Born in Montreal in 1978, he grew up in Madrid and near London. He studied composition with John Woolrich, Michel Gonneville and Michel Longtin. A pianist and improviser, he is the author of numerous compositions, written for different soloists and ensembles, such as Ensemble Allogène, Ensemble Chorum and Toronto's New Music Concerts. A founding member of the experimental rock collective, Concorde Crash (2001–06), he has organised many multidisciplinary cabarets and events in Montreal. Also a translator and blogger, his literary output is written in three languages: Spanish, French and English. In 2010, he participated in the International Poetry Festival at Colima, México, translating his own poems.

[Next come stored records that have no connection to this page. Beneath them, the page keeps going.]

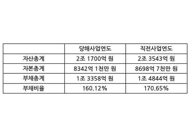 또한, 이번사업연도의 자산총계는 2조 1700억 원으로 직전사업연도 대비 -7.83% 감소한 한편, 부채총계는 1조 3358억 원으로 -10.01% 감소, 자본총계는 8342억 1천만 원으로 -4.1% 감소했다.
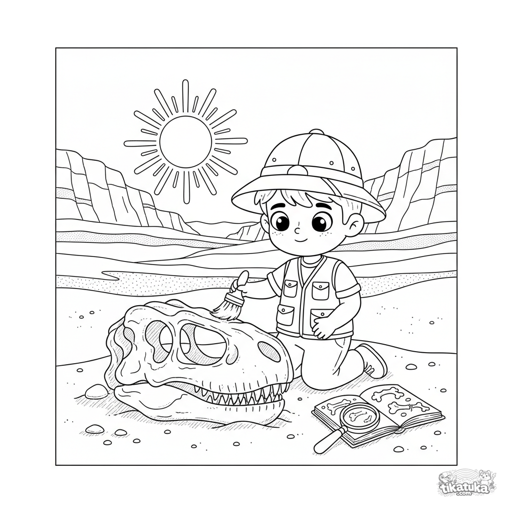 Página para colorir de um menino arqueólogo escovando a areia de um fóssil de dinossauro em um sítio de escavação. Para crianças de 6 a 9 anos.
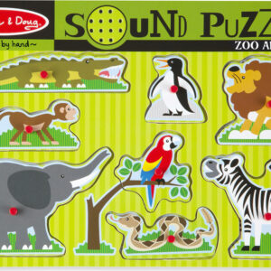 Listen to the voices of eight favorite zoo animals when the puzzle pieces are correctly placed in the puzzle board! Each animal piece has a matching full-color picture beneath. Eye- and ear-catching puzzle enhances matching and listening skills.
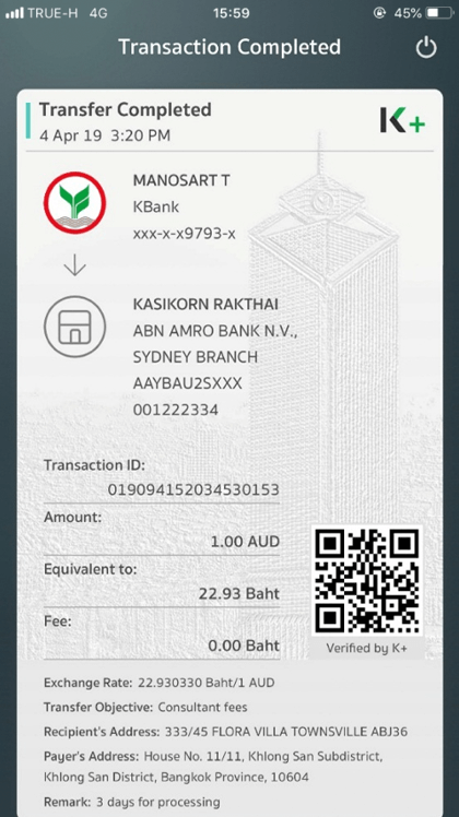 Global Outward Via K Plus Kasikornbank
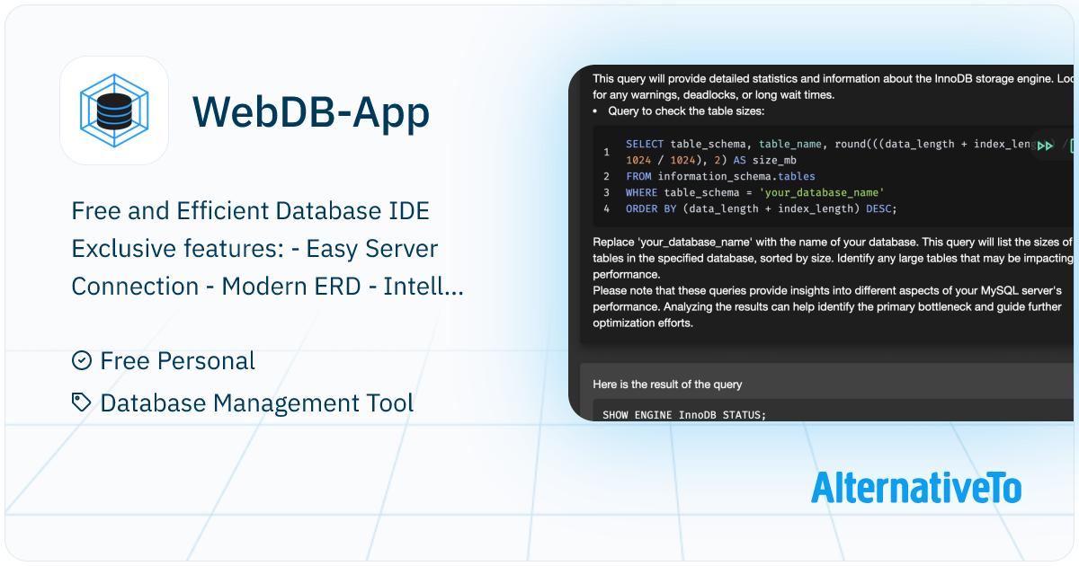 WebDB-App: Free Efficient Database IDE. Featuring Server Discovery, ERD ...

He took part in the 40th anniversary of the Nuit de la Poésie.

Publications

Visages après l'averse, Poètes de brousse, 2007
Faire Confiance à un animal, Poètes de brousse, 2010
 Musique de création et spiritualité : forum à sept voix, under the supervision of Maxime McKinley (Revue Circuit, vol. 21, no. 1, pp. 61–74), 2011

Compositions (selective list)

 L'Ange Gauche (1997–99)
 Neuf Orbites autour de la lune (2000)
 Symphony no.1 « Résistance » (2001–2002)
 Échantillons d'un Bestiaire (lieder) (2002–2003)
 Cantiques d'Hypnos (lieder) (2003)
 Les Américains Brefs (opera) (2003)
 Ungesetzliche-lieder (2004)
 Musique pour une grève étudiante (2005)
 Le Parcours de Naunet (2005)
 Circulation des noms, des âmes, des dons et des esprits (2005)
 Naos (2006)
 Le Livre Caché (2006)
 Sanatorium (2007)
 Black Boxes (2008)
 Tientos del Guadarrama (2008–09)
 Symphony no.2 « De Profundis » (2008–09)
 Concertino for bassoon and strings (2009)
 Officium pro Defunctis (2010)
 Punctum Remotum (2010)

References

External links
DEMENTIA UNIVERSALIS (Frans Ben Callado's blog) 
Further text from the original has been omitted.